• _Recorded information_:

▬▬▬

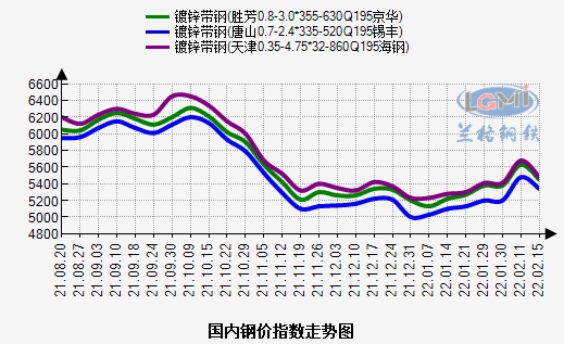 - 2月15日华北镀锌带钢价格持续下行 市场交投显清淡2022/2/15
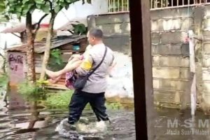 Bhabinkamtibmas Evakuasi Nenek Lumpuh Korban Banjir di Singkawang Tengah
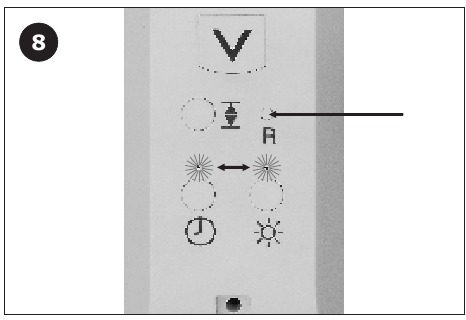 - Sunlight control only works when highest and lowest points are set. When the "Light" (light) indicator LED (2i) is on, the motor will use the sunlight settings, when the LED is off, the motor won't respond to sunlight
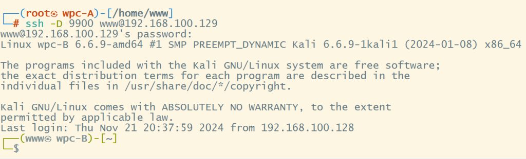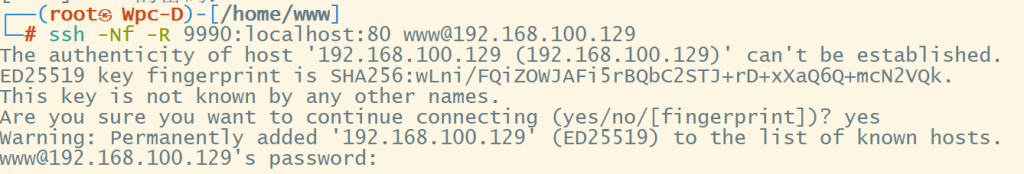 ssh -Nf -R 9990:localhost:80 www@192.168.100.129
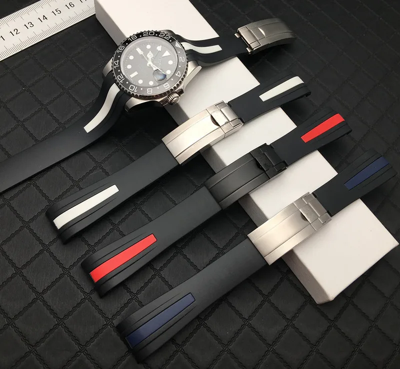 20 мм 22 мм натуральный силиконовый резиновый ремешок для ролевых ремней для подводного ремня GMT D-Blue126660 Sea-Dweller Daytona браслет
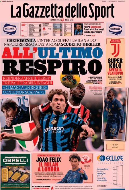 Sulle prime pagine sportive di oggi, lunedì 3 febbraio 2025, risalto all’ultima giornata, la ventitreesima, di Serie A. Napoli e Inter non vanno oltre il pareggio a Roma e nel derby col Milan. Fermata anche l’Atalanta dal Torino, bene la Juve che vince contro l’Empoli. La Gazzetta dello Sport scrive: “Scudetto thriller. L’Inter acciuffa il Milan al 93′, Napoli ripreso al 92′ a Roma”.
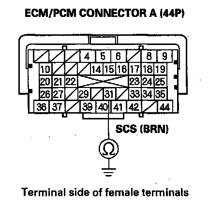 7. Check for continuity between ECM/PCM connector terminal A31 and body ground.
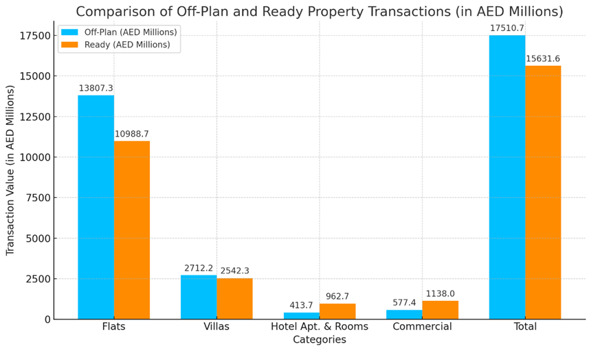 Ready properties contributed AED 15.6 billion to the total. Flats once again dominated, with AED 11.0 billion in value, while villas accounted for AED 2.5 billion. Hotel apartments and rooms registered AED 962.7 million, and shops and offices reached AED 1.14 billion. The ready market’s performance indicates steady end-user and investor interest in immediately deliverable units. - Land Transactions:
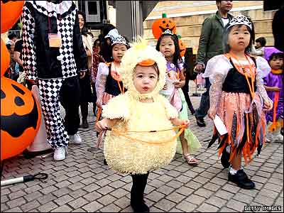 کودکی ژاپنی برای شرکت در مراسم هالووين در شهر توکيو لباس تزيينی به شکل جوجه مرغ را بر تن کرده است. حدود ۳۵۰۰ نفر در يکی از بزرگترين جشنهای هالووين ژاپن شرکت کردند.
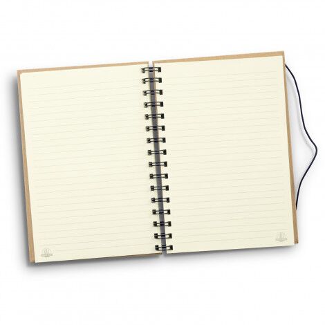 Stylish and functional medium-sized wiro-bound notebook with a hard kraft cover. The notebook features 80 leaves (160 pages) of 70gsm lined cream paper made using sugarcane waste, with a sugarcane logo printed on the inside cover and the corner of each page. An elastic closure helps to keep notes secure.
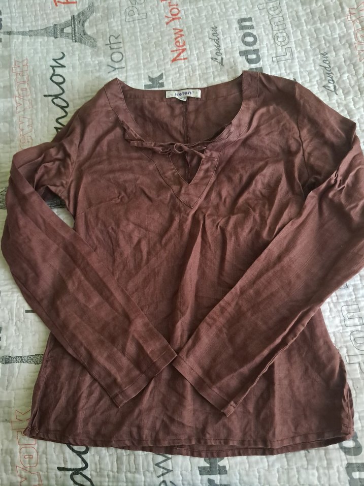 Kahverengi keten bluz, uzun kollu ve bağcıklı V yakalıdır. Rahat kesimi ve bohem tarzıyla günlük kullanıma uygundur.
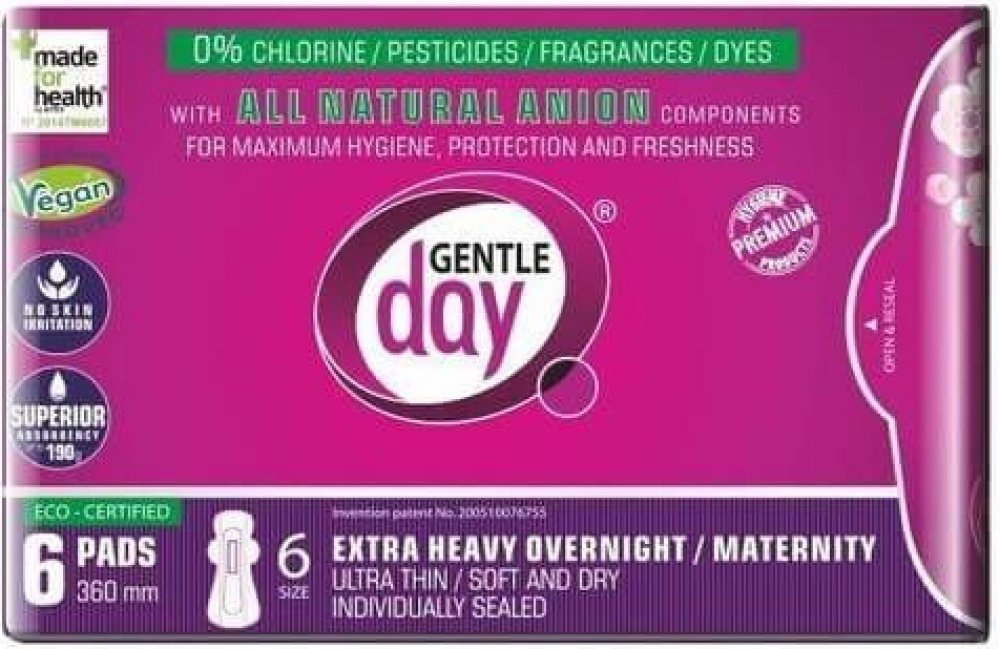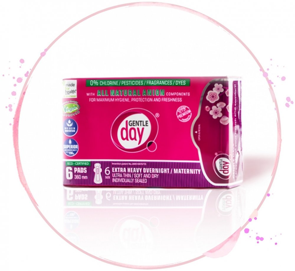 Gentle Day Extra absorpční poporodní vložky 6 ks Porodnické vložky s aniontovým proužkem vyrobené z přírodních složek, které mají antibakteriální účinky a jsou netoxické. Vložky byly navrženy pro ženy, které mají extrémně silnou menstruaci, a doporučují se pro použití po porodu.
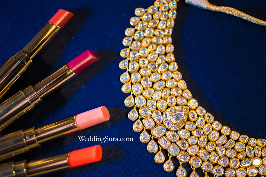The day began with makeup artist Mausam Gandhi assessing and visualizing transformations for these pretty brides-to-be. Using her skills and the excellent Lakmé Absolute Matte Ultimate Collection along with the Kareena Kapoor Khan Collection, Mausam worked her magic on the girls. Showcasing the incredible new range of lipsticks from Lakmé Absolute and Mausam’s expertise, Dhwani, Pooja and Miloni were a vision to behold. Mausam also created hairstyles for the girls that complemented their stunning jewellery, makeup and attire.
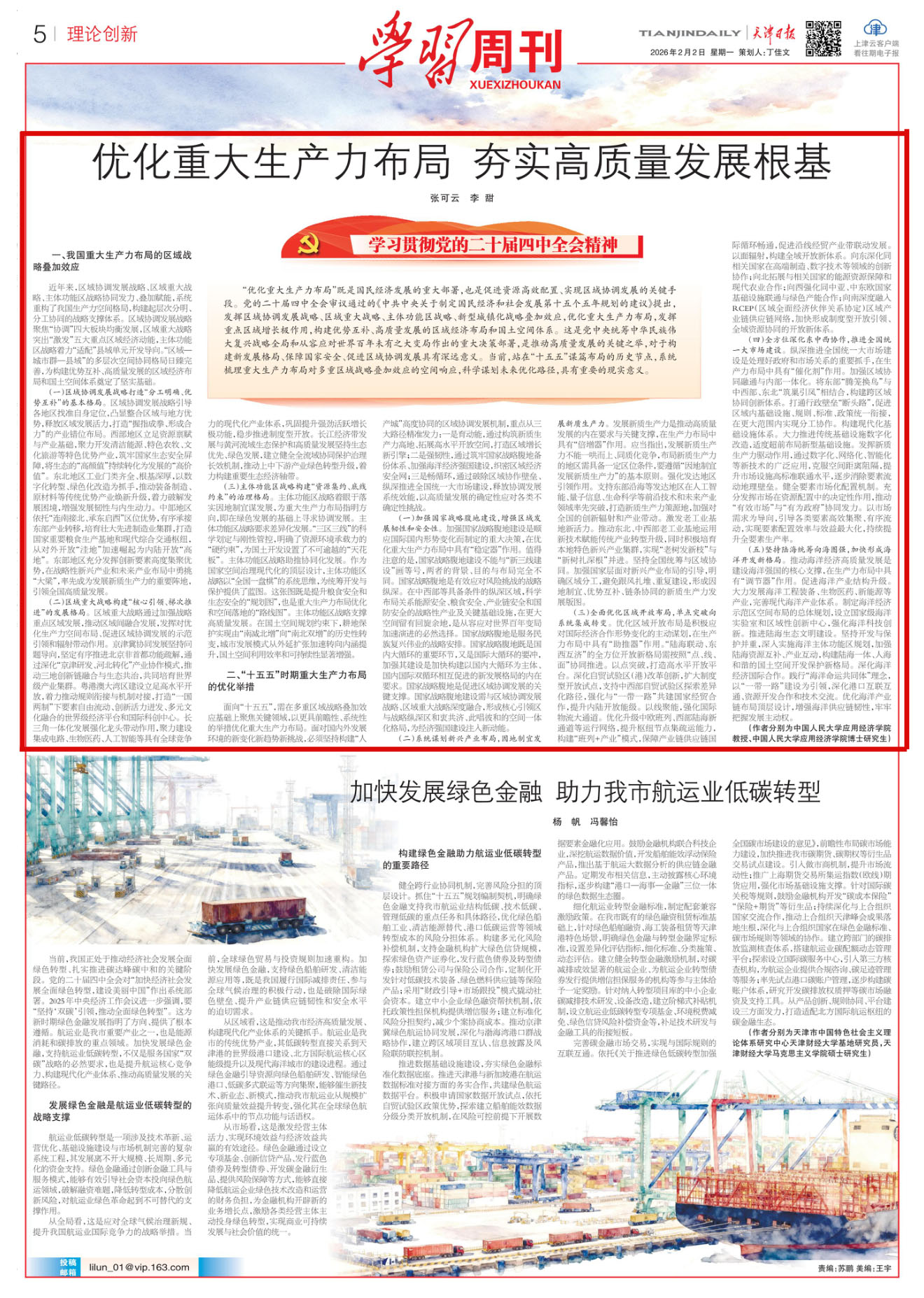 优化重大生产力布局 夯实高质量发展根基
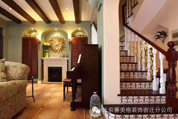 在色彩上的运用是淡雅、柔和、协调,以原木自然色调为基础,白色、红色、绿色、褐色居室整体色彩氛围较为普遍。特别是在墙面与家具以及陈设品的色彩选择上——自然、怀旧、散发着质朴气息的色彩是美式风格的典型特征,壁纸大多也都选择富有机理、质地天然的纸浆制品。
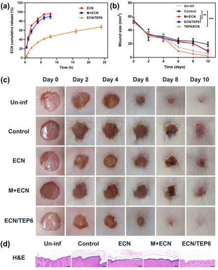 The method for the establishment of the wound healing model used in this study was presented in a previous publication [48]. In brief, Kunming mice were anesthetized with isoflurane. Then, hairs of dorsal skin were shaven and an 8 mm diameter skin wound was created. Twelve mice were randomly divided into four groups (n = 3): control, ECN, M + ECN and ECN/TEP6. Subsequently, each wound was filled with a suspension of S. aureus (ATCC 25923) (Fuxiang, Shanghai, China) at a concentration of 1 × 106 CFU. The uninfected group was not infected with S. aureus. After one day, the mice in the different groups were, respectively administrated with ECN (6.36 μmol, 5.65 mg/ cm2), M + ECN (a 1:6 mixture of ECN and M; ECN: 6.36 μmol, 5.65 mg/ cm2; M: 38.16 μmol, 28.22 mg/cm2), ECN/TEP6 (a 1:1 mixture of ECN and TEP6; ECN: 6.36 μmol, 5.65 mg/ cm2; TEP6: 6.36 μmol, 31.59 mg/cm2) and 30% DMSO. The mice were treated through topical rubbing onto the affected area every two days. The process of wound healing was regularly observed (0, 2, 4, 6, 8, and 10 days) and the wound area was recorded. In addition, on the 10th day, the skin tissue was fixed using formalin 10% v/v, and then incorporated into paraffin. Blocks of 4 μm thickness were obtained and stained with H&E.
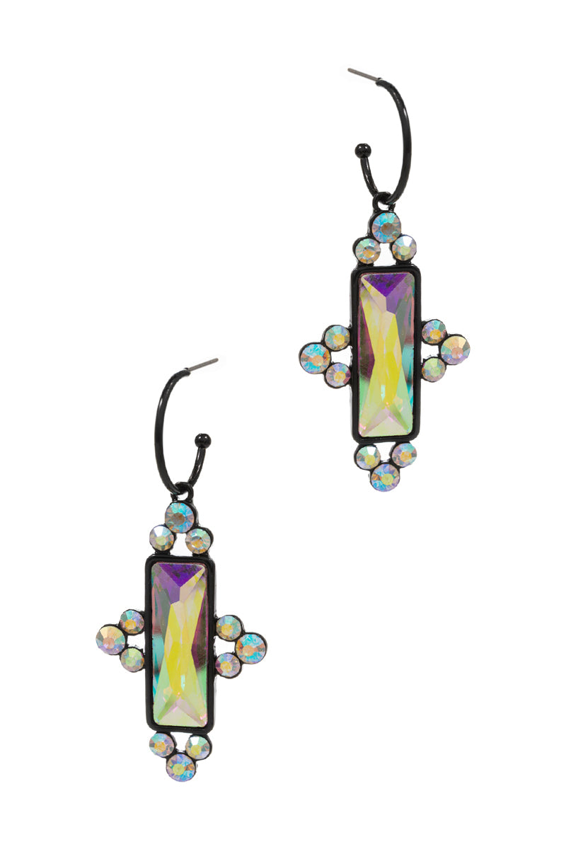 Bar Shaped Rhine Stone Paved Hoop Earrings
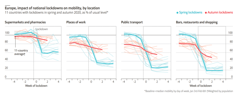 Θεωρώντας πως η δημόσια συζήτηση έχει καταδείξει σε μεγάλο βαθμό τα αίτια που προκάλεσαν την εκτίναξη του δεύτερου κύματος στην Ελλάδα, θα θέλαμε να σταθούμε σε ένα από αυτά. Συγκεκριμένα στεκόμαστε στο πώς το οικονομικό και κοινωνικό αποτύπωμα της πανδημίας υπήρξε όχι μόνο ως αποτέλεσμά της αλλά ταυτόχρονα και αίτιο της μαζικής αναζωπύρωσής της – η οποία οδήγησε και στην καθυστερημένη κάμψη του δεύτερου κύματος. Σύμφωνα με τα στοιχεία που διαβάζουμε στην ηλεκτρονική έκδοση του Economist (28.11.2020), η αποτελεσματικότητα του δεύτερου lockdown στην Ευρώπη, όσον αφορά τον περιορισμό της κινητικότητας, είναι κατά πολύ περιορισμένη σε σχέση με την άνοιξη. Μια ματιά στους δρόμους των ελληνικών μεγάλων πόλεων τις παραδοσιακές «ώρες αιχμής» σε σύγκριση με τον Απρίλη, μπορεί εύκολα να πείσει και τους πιο καχύποπτους για τον περιορισμένο χαρακτήρα αυτής της δεύτερης προσπάθειας ανάσχεσης της επιδημίας.
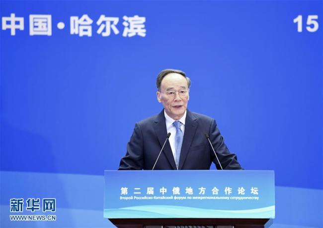 Chinese Vice President Wang Qishan attended the sixth China-Russia Exposition from June 14 to 15 in Harbin, northeast China's Heilongjiang Province, and met with Russian Deputy Prime Minister Maxim Akimov.
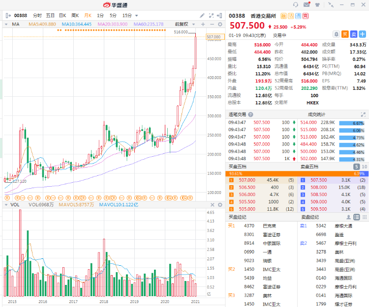 1月19日消息,香港交易所涨5.29%,现报507港元,股价创历史新高。市场消息指,快手拟发行4.159亿股,招股价上限约93港元。
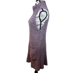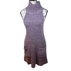 FREE PEOPLE Claude Turtleneck Mini Knit Dress Sleeveless Purple Ribbed Size M
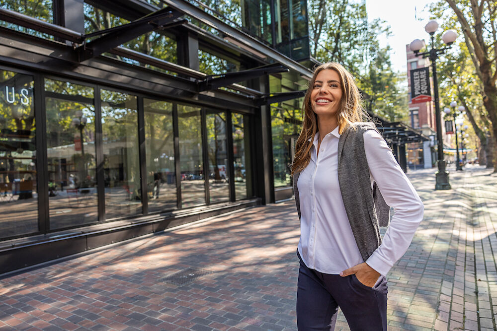 Vår ikoniske Advantage kommer nå også som skjorte i det samme komfortable tri-blend-materialet. Uformelt møter finkledd! Skjorten vil raskt bli din favoritt på jobben, på reisen eller på en middag ute. Kombinasjonen av designelementer fra en klassisk skjorte og det myke tri-blend-stoffet gir et hybridplagg som gjør at du ser bra ut og fungerer hele dagen.

▬▬▬

• _Work request_:
Quote the data above exactly from the line with "Kahverengi keten bluz, uzun" to the line with "在色彩上的运用是淡雅、柔和、", both ends counted, and nothing else. Pictures don't go in.

• _Answer section_:
 Kahverengi keten bluz, uzun kollu ve bağcıklı V yakalıdır. Rahat kesimi ve bohem tarzıyla günlük kullanıma uygundur.
 Gentle Day Extra absorpční poporodní vložky 6 ks Porodnické vložky s aniontovým proužkem vyrobené z přírodních složek, které mají antibakteriální účinky a jsou netoxické. Vložky byly navrženy pro ženy, které mají extrémně silnou menstruaci, a doporučují se pro použití po porodu.
The day began with makeup artist Mausam Gandhi assessing and visualizing transformations for these pretty brides-to-be. Using her skills and the excellent Lakmé Absolute Matte Ultimate Collection along with the Kareena Kapoor Khan Collection, Mausam worked her magic on the girls. Showcasing the incredible new range of lipsticks from Lakmé Absolute and Mausam’s expertise, Dhwani, Pooja and Miloni were a vision to behold. Mausam also created hairstyles for the girls that complemented their stunning jewellery, makeup and attire.
 优化重大生产力布局 夯实高质量发展根基
 在色彩上的运用是淡雅、柔和、协调,以原木自然色调为基础,白色、红色、绿色、褐色居室整体色彩氛围较为普遍。特别是在墙面与家具以及陈设品的色彩选择上——自然、怀旧、散发着质朴气息的色彩是美式风格的典型特征,壁纸大多也都选择富有机理、质地天然的纸浆制品。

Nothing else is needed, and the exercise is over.